INSERT INTO employee (department, first_name, last_name, year, salary, position) VALUES
('IT','Olivia','Pearson',2011,3000,'Trainee'),
('IT','Olivia','Pearson',2012,3000,'Trainee'),
('IT','Olivia','Pearson',2012,4200,'Junior Developer'),
('IT','Olivia','Pearson',2013,4900,'Junior Developer'),
('IT','Olivia','Pearson',2014,8100,'Senior Developer'),

('Management','Jack','Johnson',2011,4300,'Junior Project Manager'),
('Management','Jack','Johnson',2012,5100,'Project Manager'),
('Management','Jack','Johnson',2013,7200,'Senior Project Manager'),
('Management','Jack','Johnson',2014,7600,'Senior Project Manager'),
('Management','Jack','Johnson',2015,9500,'Head of Department'),

('IT','Harry','Taylor',2015,2700,'Trainee'),

('Human Resources','Lily','Bennett',2013,1900,'Junior HR Specialist'),
('Human Resources','Lily','Bennett',2014,2300,'HR Specialist'),
('Human Resources','Lily','Bennett',2015,3650,'Senior HR Specialist'),

('Accounting','Charlie','Johnson',2010,2000,'Junior Accountant'),
('Accounting','Charlie','Johnson',2011,2000,'Junior Accountant'),
('Accounting','Charlie','Johnson',2012,2500,'Accountant'),
('Accounting','Charlie','Johnson',2013,3200,'Accountant'),
('Accounting','Charlie','Johnson',2014,3700,'Senior Accountant'),
('Accounting','Charlie','Johnson',2015,4200,'Senior Accountant'),

('IT','Jacob','King',2013,3400,'Trainee'),
('IT','Jacob','King',2014,4100,'Junior Developer'),
('IT','Jacob','King',2015,5900,'Developer'),

('Accounting','Jessica','Poole',2014,3800,'Senior Accountant'),
('Accounting','Jessica','Poole',2015,4300,'Senior Accountant'),

('Management','Ethan','Black',2013,5100,'Project Manager'),
('Management','Ethan','Black',2014,5900,'Project Manager'),
('Management','Ethan','Black',2015,6300,'Senior Project Manager'),

('Help Desk','Ella','Watson',2013,1400,'Trainee'),
('Help Desk','Ella','Watson',2014,1900,'Customer Service Assistant'),
('Help Desk','Ella','Watson',2015,2300,'Customer Service Assistant'),

('Human Resources','Sophia','Hunt',2011,2100,'HR Junior Specialist'),

('Marketing','Amelia','Wright',2014,2100,'Trainee'),
('Marketing','Amelia','Wright',2015,2300,'Junior SEO Specialist'),

('Marketing','Lucy','Green',2013,2000,'Trainee'),

('Marketing','Ruby','Chapman',2012,2500,'Trainee'),
('Marketing','Ruby','Chapman',2013,3400,'Junior SEO Specialist'),
('Marketing','Ruby','Chapman',2014,3900,'SEO Specialist'),
('Marketing','Ruby','Chapman',2015,5400,'Senior SEO Specialist'),

(NULL,'Amie','Walker',NULL,NULL,NULL),

('Help Desk','Brian','Murphy',2012,1500,'Trainee'),
('Help Desk','Brian','Murphy',2013,2000,'Customer Service Assistant'),
('Help Desk','Brian','Murphy',2014,2500,'Customer Service Assistant'),
('Help Desk','Brian','Murphy',2015,3700,'Customer Service Specialist'),

('Management','Eva','Saunders',2011,2100,'Trainee'),
('Management','Eva','Saunders',2012,4100,'Junior Project Manager'),
('Management','Eva','Saunders',2013,4600,'Junior Project Manager'),
('Management','Eva','Saunders',2014,5300,'Project Manager'),
('Management','Eva','Saunders',2015,6100,'Senior Project Manager');
''')
print(f"Database ready ✅ ({DB_FILE})")


Database ready ✅ (class.db)


## Get to Know the tables

Great — let’s take a look at the tables we’ll be working with.
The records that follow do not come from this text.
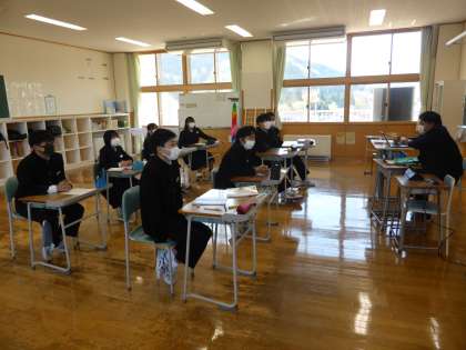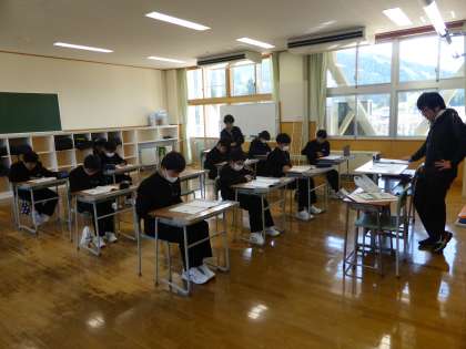 1限の授業の様子 公開日 2023/04/10 更新日 2023/04/10 日々の活動から 4月10日(月) 1年生は、学級活動で中学校での生活について話を聞いていました。 2年生は、保健体育で「運動やスポーツが心身や社会性におよぼす効果について」という内容の授業でした。 3年生は、社会で「大正文化」という内容の授業でした。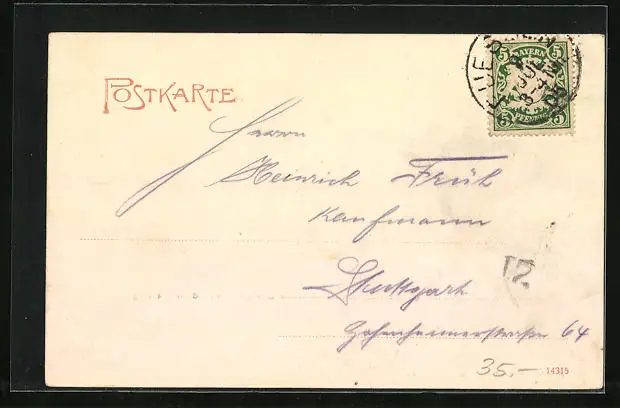 alte Ansichtskarte, gelaufen 1905, guter Zustand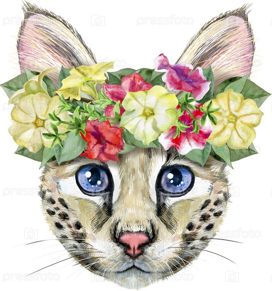 Симпатичный кот в венке из цветов. Кот для графики на футболках. Акварельная иллюстрация кошки Саванны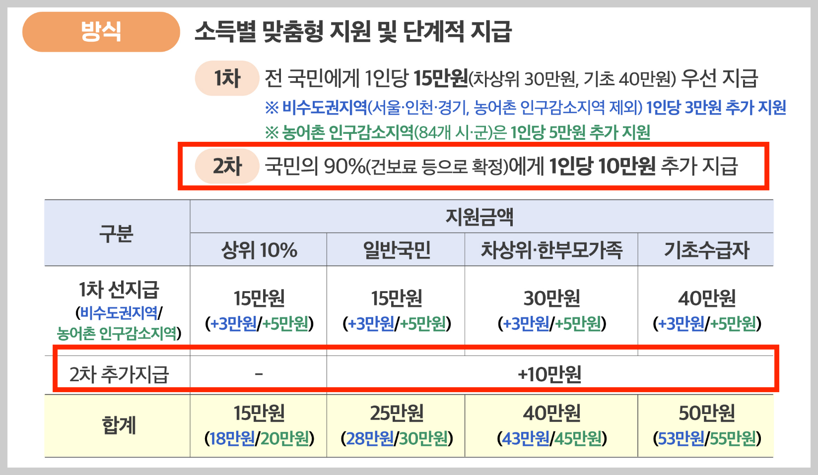 - 기초생활수급자: 1차 40만 원 + 2차 10만 원 → 총 50만 원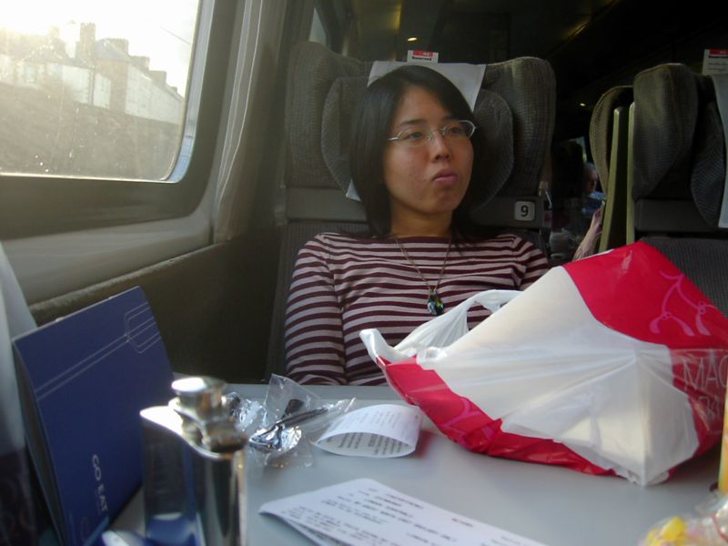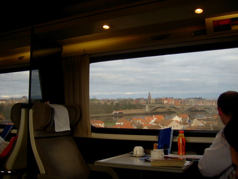 11:36:21 Not long after boarding our train at King's Cross. We'd got first class tickets, and I guess we're just taking a moment here to appreciate that fact. |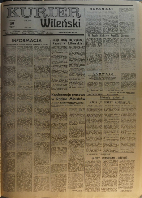 Kurier Wileński 1990 'No. 96 (11347) czwartek 26 kwietnia

If you’ve had enough of cars and movies, good news: this time we’re switching to **orders** and **employees**.

We’ll start with examples based on the `orders` table:

> orders (order_id, customer_id, order_date, ship_date, total_sum)

Pretty straightforward.

Each row represents one order:
- a unique id (`order_id`)
- the customer who placed it (`customer_id`)
- when it was created (`order_date`)
- when it was shipped (`ship_date`)
- and its total value (`total_sum`)

Simple structure, perfect for practicing queries.

Now for the exercises, we’ll use a slightly richer dataset: **employees with their salaries over time**.

Here, things get more realistic:
- an employee can appear in multiple years
- salaries may change from year to year
- departments can differ
- positions may evolve due to promotions

In other words, multiple rows can describe the same person across time.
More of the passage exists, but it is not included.